Lastly, the fragment size of the input and output features with the two maximum values (e.g., the maximum possible calculation throughput and the operation calculation throughput with respect to memory access) that satisfy the target hardware platform resource is finally to be the optimal fragment size in a neural network operation that operates the Tm×Tn parallel MACs. Then, the total operation calculation throughput and the number of calculation cycles of the corresponding layer calculated at that time may be extracted. Through this, the design value of the optimal neural network convolution operation possible in the target platform may be finally determined.
FIG. 8 is an algorithm illustrating another example of a convolution operation loop performed in consideration of a sparse property of a sparse weight. Referring to FIG. 8, in the convolution operation loop, the convolution operation is performed by Tm×Tn parallel MAC cores.
The progression of the convolution loop includes a progression of the convolution operation to generate an output feature by the parallel MAC cores and a selection loop of input and output features for performing these calculations. The convolution operation to generate output features by parallel MAC cores is performed at the innermost of the algorithm loop. And, in the selection of feature fragments to perform the convolution operation, there is a loop (M-loop) that selects the fragments of the output feature outside the convolution operation. Then, the loop (N-loop) that selects the fragments of the input feature is located outside the loop (M-loop) that selects the fragments of the output feature. Then, loops (C-loop, R-loop) that select the rows and columns of the output feature are then placed outside the loop (M-loop) that sequentially selects the output feature fragments. As a result, the reuse ratio of the input buffer 210 may be improved in the convolution operation of FIG. 8 compared to the convolution operation of FIG. 7.
According to embodiments of the inventive concept, the total operation calculation amount may be reduced in the maximum possible calculation throughput (or computation roof), which implements the compressed neural network model as a hardware platform. Then, when considering the sparse property of the sparse weights in each of the fragments of input and output features, the number of calculation cycles consumed in one layer may be greatly reduced. According to such a feature, it is possible to determine design parameters to reduce overall operation time and reduce power consumption on hardware platforms without degrading performance.
In the hardware implementation of the neural network model according to the inventive concept, the number of memory accesses may be reduced in consideration of data reuse, neural network compression, and sparse weight kernel. Then, the hardware parameters may be determined considering the environment in which data necessary for a calculation is compressed and stored in a memory.
Although the exemplary embodiments of the inventive concept have been described, it is understood that the inventive concept should not be limited to these exemplary embodiments but various changes and modifications can be made by one ordinary skilled in the art within the spirit and scope of the inventive concept as hereinafter claimed.

Claims

What is claimed is:

1. A design method of a compressed neural network system, the method comprising:

generating a compressed neural network based on an original neural network model;

analyzing a sparse weight among kernel parameters of the compressed neural network;

calculating a maximum possible calculation throughput on a target hardware platform according to a sparse property of the sparse weight;

calculating a calculation throughput with respect to access to an external memory on the target hardware platform according to the sparse property; and

determining a design parameter on the target hardware platform by referring the maximum possible calculation throughput and the calculation throughput with respect to access.
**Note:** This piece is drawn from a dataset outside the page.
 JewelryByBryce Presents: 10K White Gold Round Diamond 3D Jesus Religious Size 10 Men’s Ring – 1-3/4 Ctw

2. The method of claim 1, wherein the compressed neural network is generated by applying parameter drop-out, weight sharing, and parameter quantization techniques to the original neural network model.

3. The method of claim 1, wherein the calculating of the maximum possible calculation throughput on the target hardware platform according to the sparse property of the sparse weight comprises calculating a maximum possible calculation throughput in a specific convolution layer according to the sparse property.
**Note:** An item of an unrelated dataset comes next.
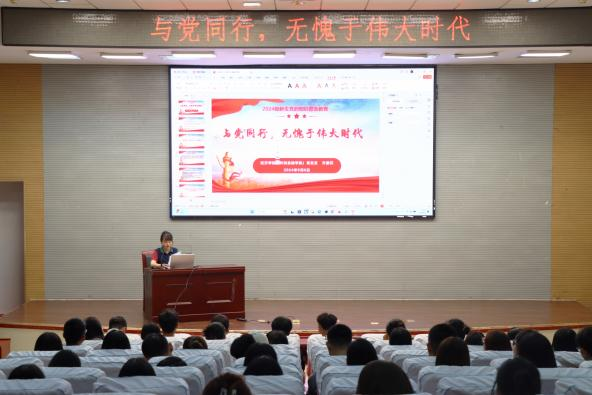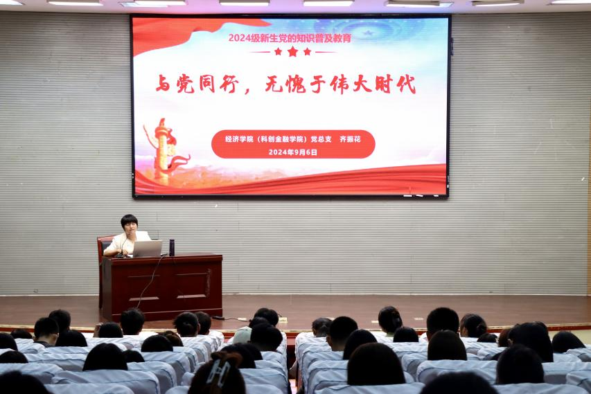 为深入学习贯彻落实习近平新时代中国特色社会主义思想和党的二十大精神,认真抓好新生入党启蒙教育,引导新生听党话跟党走,2024年9月6日,经济学院党总支开展“与党同行,无愧于伟大时代”2024级新生专题系列党课。

4. The method of claim 1, wherein the calculating of the calculation throughput with respect to memory access on the target hardware platform according to the sparse property comprises performing a calculation by adjusting a loop method of a convolution operation.

5. The method of claim 4, wherein the loop method of the convolution operation is changed according to a direction in which a channel direction of an input feature or an output feature is shifted or a direction in which a width and height of the input feature or the output feature are shifted.
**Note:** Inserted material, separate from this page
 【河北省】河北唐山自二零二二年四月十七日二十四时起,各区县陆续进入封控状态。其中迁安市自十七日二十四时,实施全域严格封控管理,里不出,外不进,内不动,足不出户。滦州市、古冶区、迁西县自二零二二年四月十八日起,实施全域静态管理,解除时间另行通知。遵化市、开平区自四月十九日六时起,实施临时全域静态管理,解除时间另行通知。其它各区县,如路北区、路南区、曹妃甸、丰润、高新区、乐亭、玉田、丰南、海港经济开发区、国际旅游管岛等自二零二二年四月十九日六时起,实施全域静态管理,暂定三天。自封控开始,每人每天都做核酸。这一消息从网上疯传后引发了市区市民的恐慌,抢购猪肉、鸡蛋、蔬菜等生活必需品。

6. The method of claim 1, further comprising receiving and analyzing a resource of the target hardware platform.

7. The method of claim 6, wherein the target hardware platform comprises a Graphic Processing Unit (GPU) or a Field Programmable Gate Array (FPGA).

8. The method of claim 1, wherein the design parameter comprises at least one of an input/output buffer, a kernel buffer, a size of an input/output fragment, a calculation throughput, and operation times of the target hardware platform.

9. The method of claim 1, wherein the calculating of the maximum possible calculation throughput on the target hardware platform according to the sparse property of the sparse weight comprises calculating a maximum possible calculation throughput for each layer of the compressed neural network.

10. The method of claim 9, wherein the calculating of the calculation throughput with respect to access to the external memory on the target hardware platform comprises calculating a calculation throughput with respect to memory access for each layer of the compressed neural network.

11. The method of claim 1, further comprising determining a maximum operating point corresponding to a resource of the target hardware platform.

12. A compressed neural network system comprising:

an input buffer configured to receive an input feature from an external memory and buffer the received input feature;

a weight kernel buffer configured to receive a kernel weight from the external memory;

a multiplication-accumulation (MAC) calculation unit configured to perform a convolution operation by using fragments of the input feature provided from the input buffer and a sparse weight provided from the weight kernel buffer; and

an output buffer configured to store a result of the convolution operation in an output feature unit and deliver the stored result to the external memory,

wherein sizes of the input buffer, the output buffer, the fragments of the input feature, and a calculation throughput and a calculation cycle of the MAC calculation unit are determined according to a sparse property of the sparse weight.